I have never seen it done, myself, and a builder friend warned against it, but have you ever seen a metal roof tied to a shingle roof? I have a neighbor who wants a metal porch roof, but she does not have enough height on her outer walls to allow for any pitch from the eave to the end of the porch without tying in to the existing shingle roof. Any thoughts would be appreciated.


----------



## Grumpy (Oct 8, 2003)

I would say I have done it many times. I've done standing seam to slate, shingles to standing seam, shingles to flat seam. 

Singles to flat seam is the easiest and requires very little thought IMO. The key is no matter what type of roof you are installing you need a perfectly flat tie in, in addition you want your metal to wrap under your shingles at least 18" but perferably more.
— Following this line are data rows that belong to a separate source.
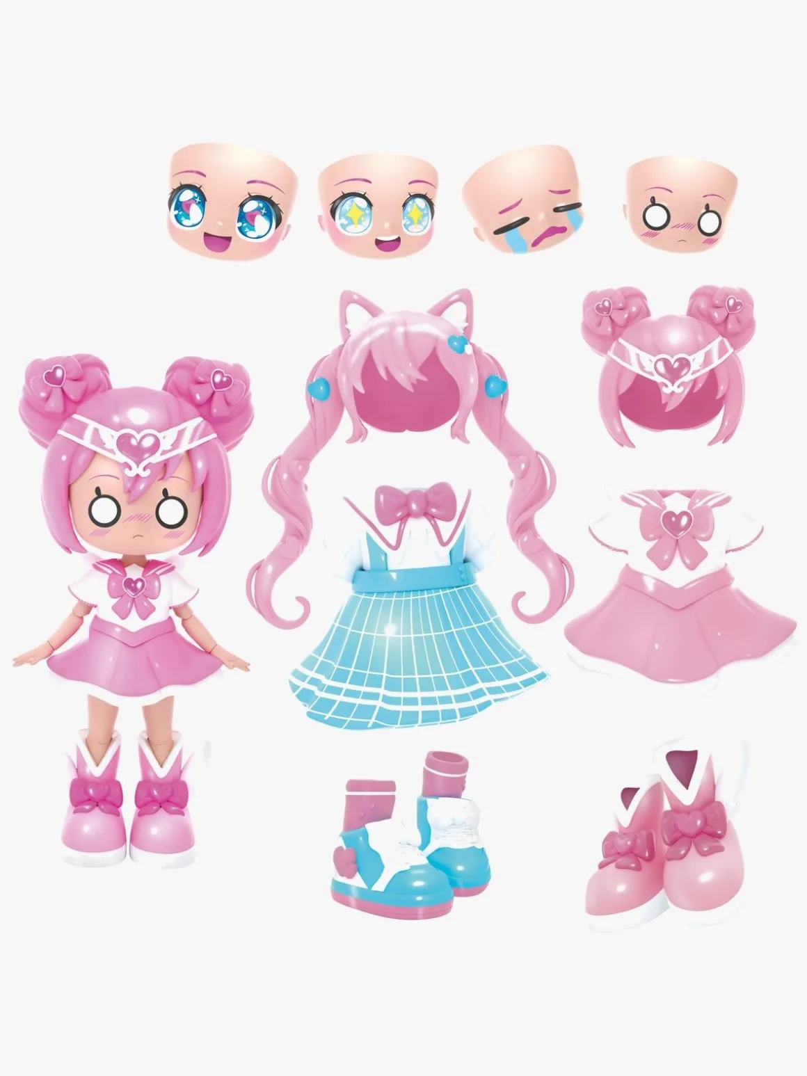 – Indeholder: 1 dukke, 4 ansigter, 2 frisurer, 2 outfits, 2 par sko.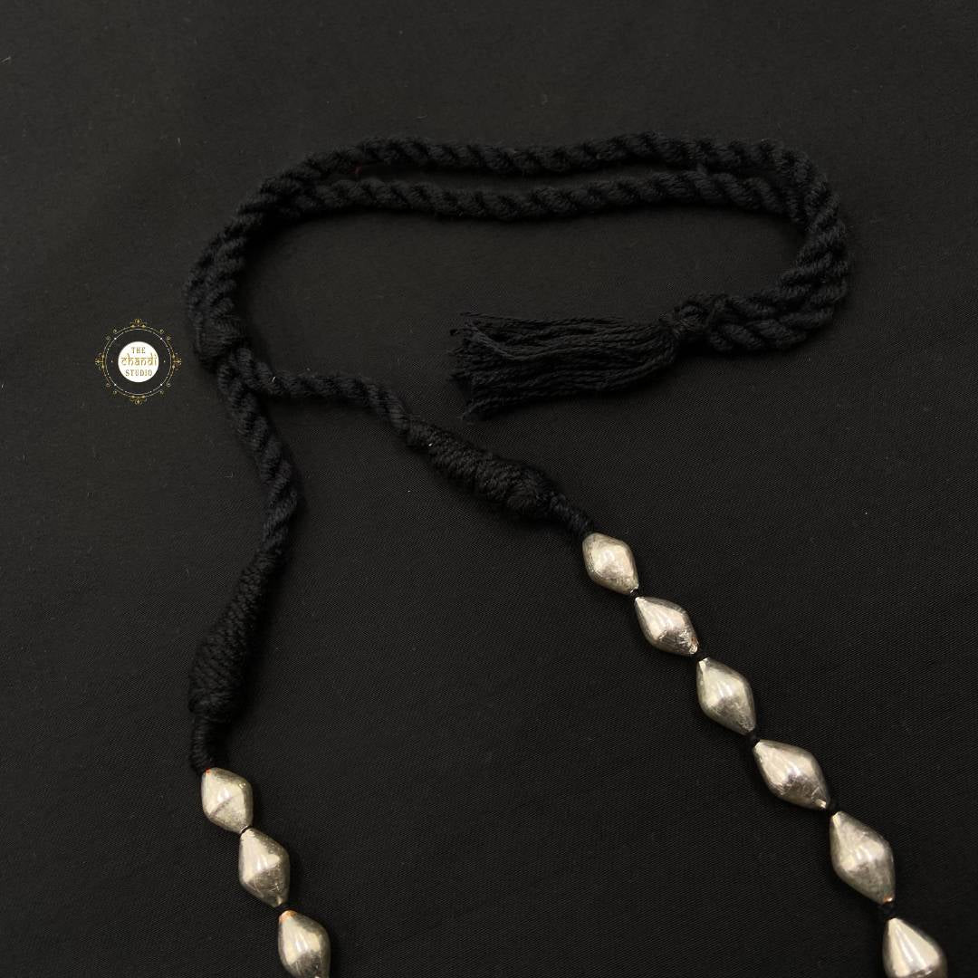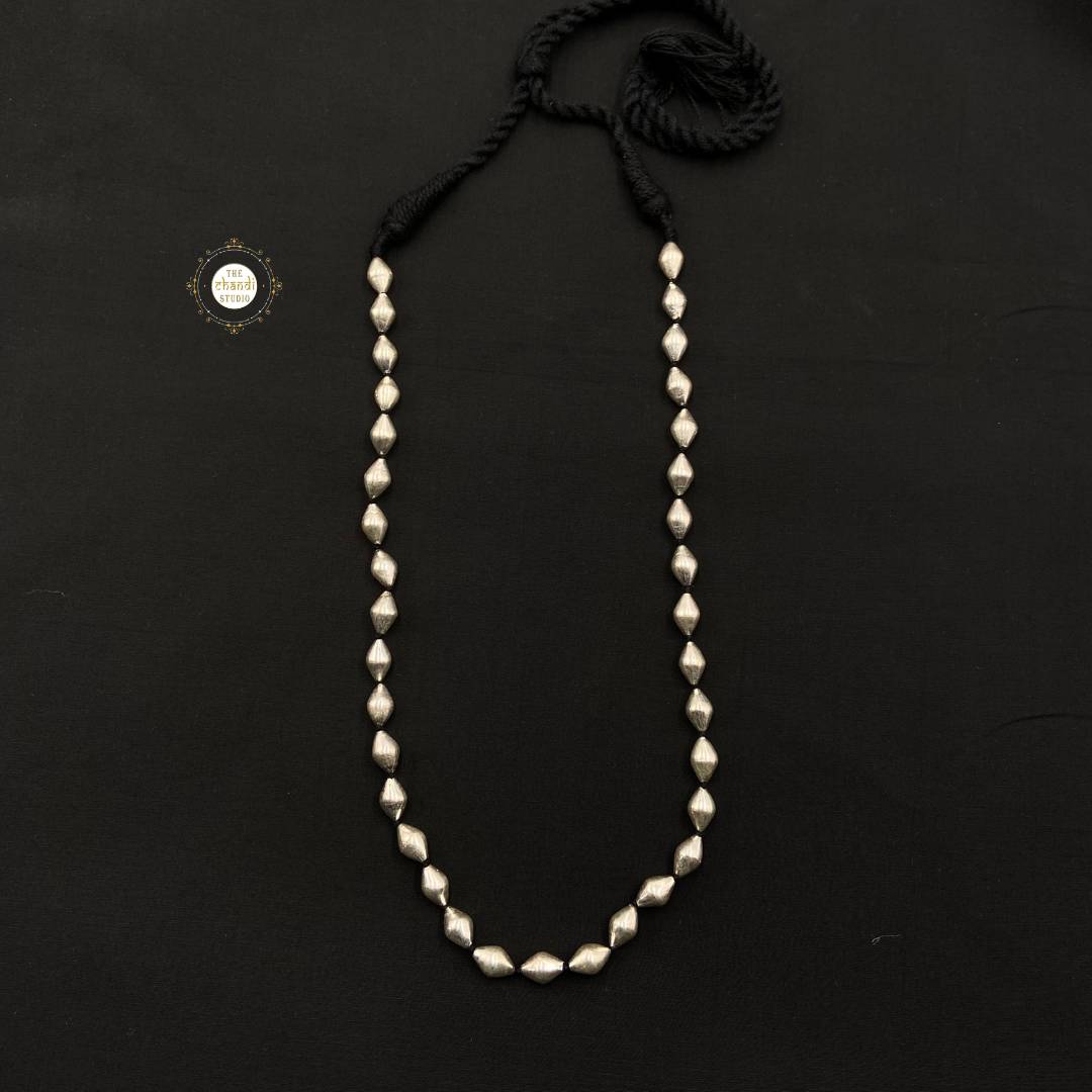 A vibrant and playful thread necklace adorned with traditional dholki beads, radiating timeless charm. The Sadabahar Dholki Bead Thread Necklace is a versatile accessory that adds a touch of joy to any ensemble, perfect for those who appreciate lively, ethnic-inspired jewelry. * MATERIAL : STERLING SILVER 92.5 Length : Minimum - 26 inches Beads Count - 35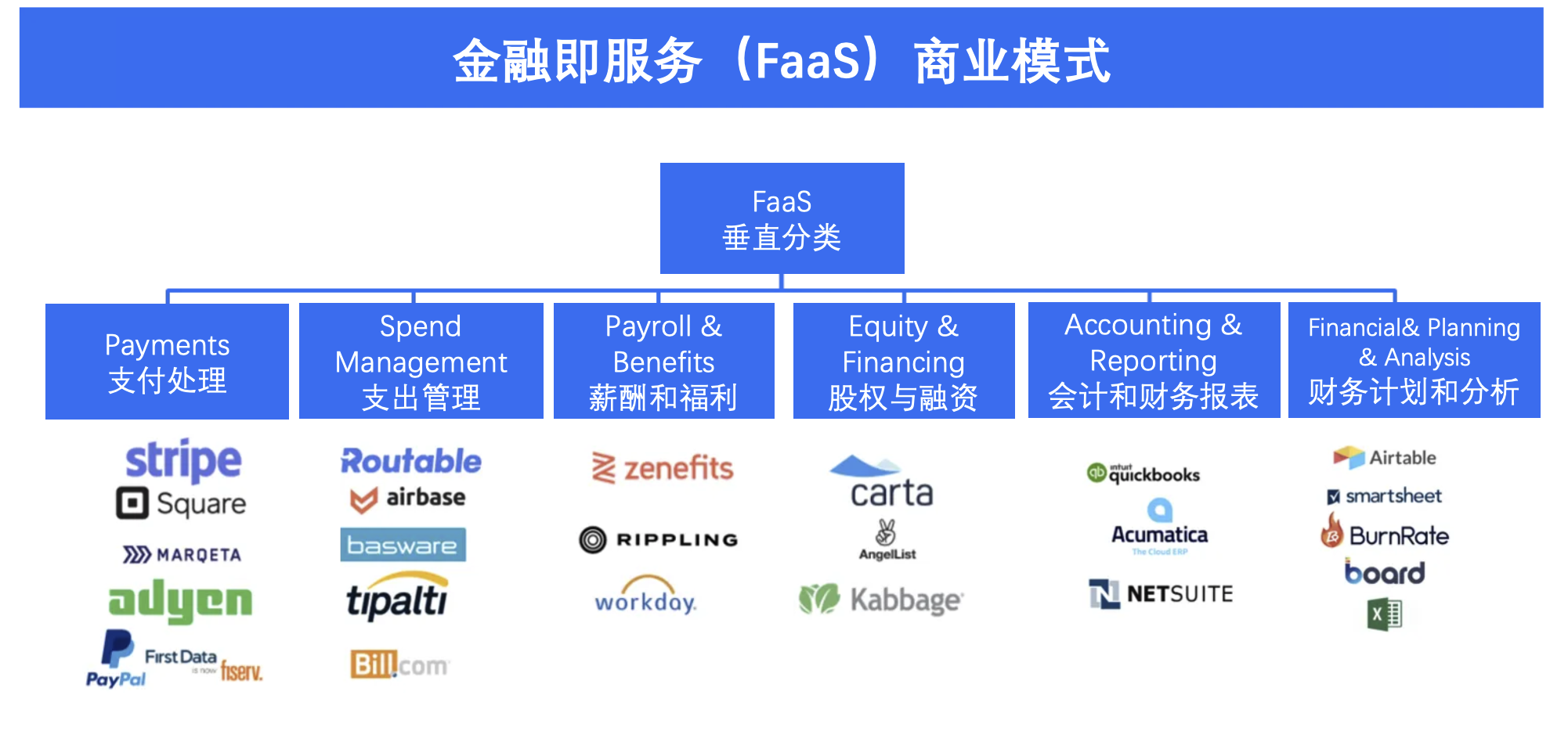 其实这个行业非常大,甚至可以把它认为是和 SaaS 平行的一个行业,叫 FaaS,金额即服务。它会有以下分类: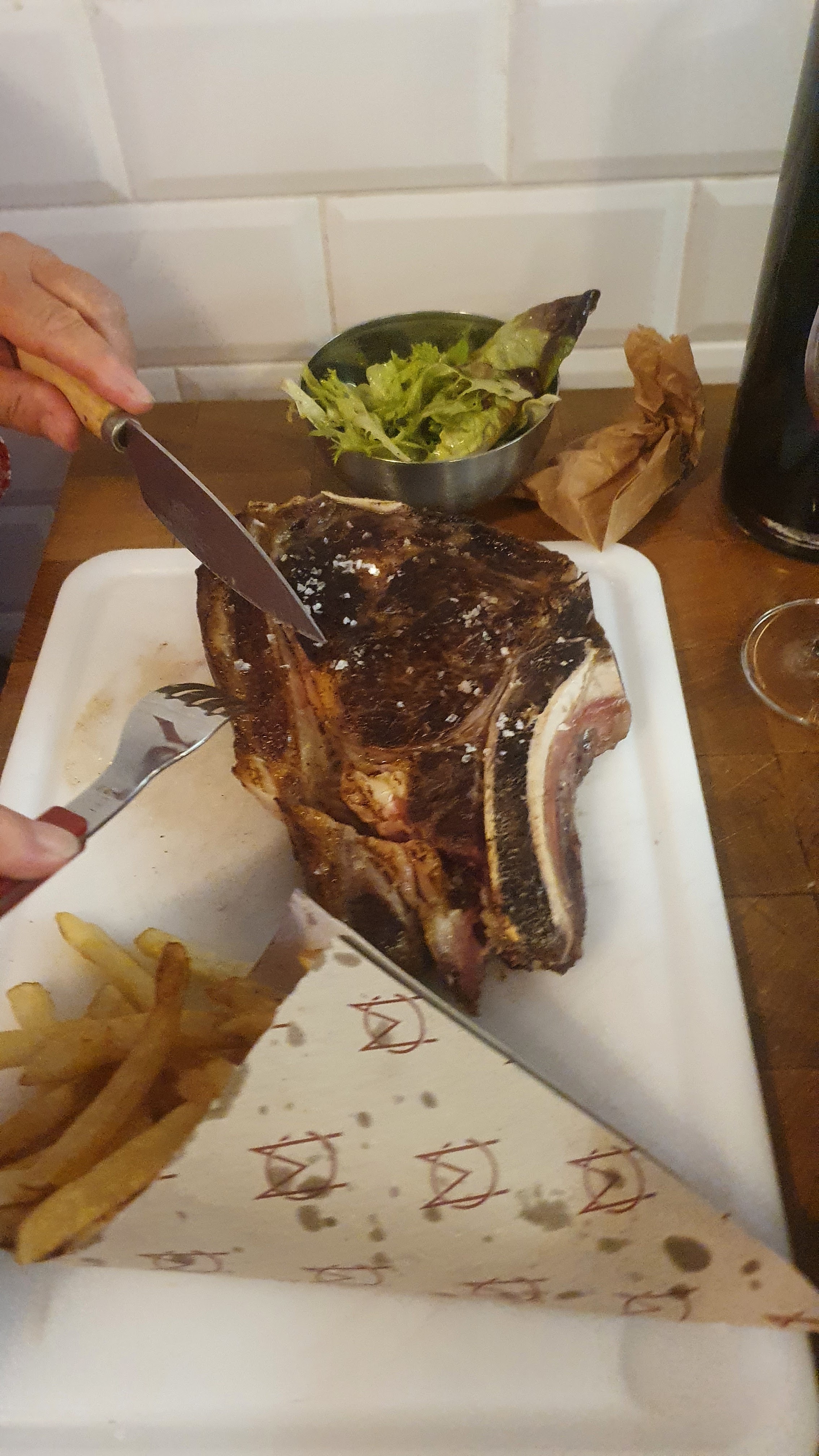 Une seule chose au menu mais ils ont raison ! Une très bonne côte de bœuf, assez confortable pour deux personnes, servie avec de la salade et de très très bonnes frites. Le service était sympathique et heureux d'expliquer le processus en anglais.

Also I always put ice shield under my metal roofs and especially under the tie-ins. I would also probably do a counter flash with ice shield over the tie-in so if any water backs up under the shingles and "rivers" it way through the roof, it won't come in as a leak at the metal roof. Instead it will flow right out ontop of the metal roof.


----------



## AaronB. (Oct 6, 2004)

And prime the metal with an asphalt primer and allow to dry for a tenacious bond.


----------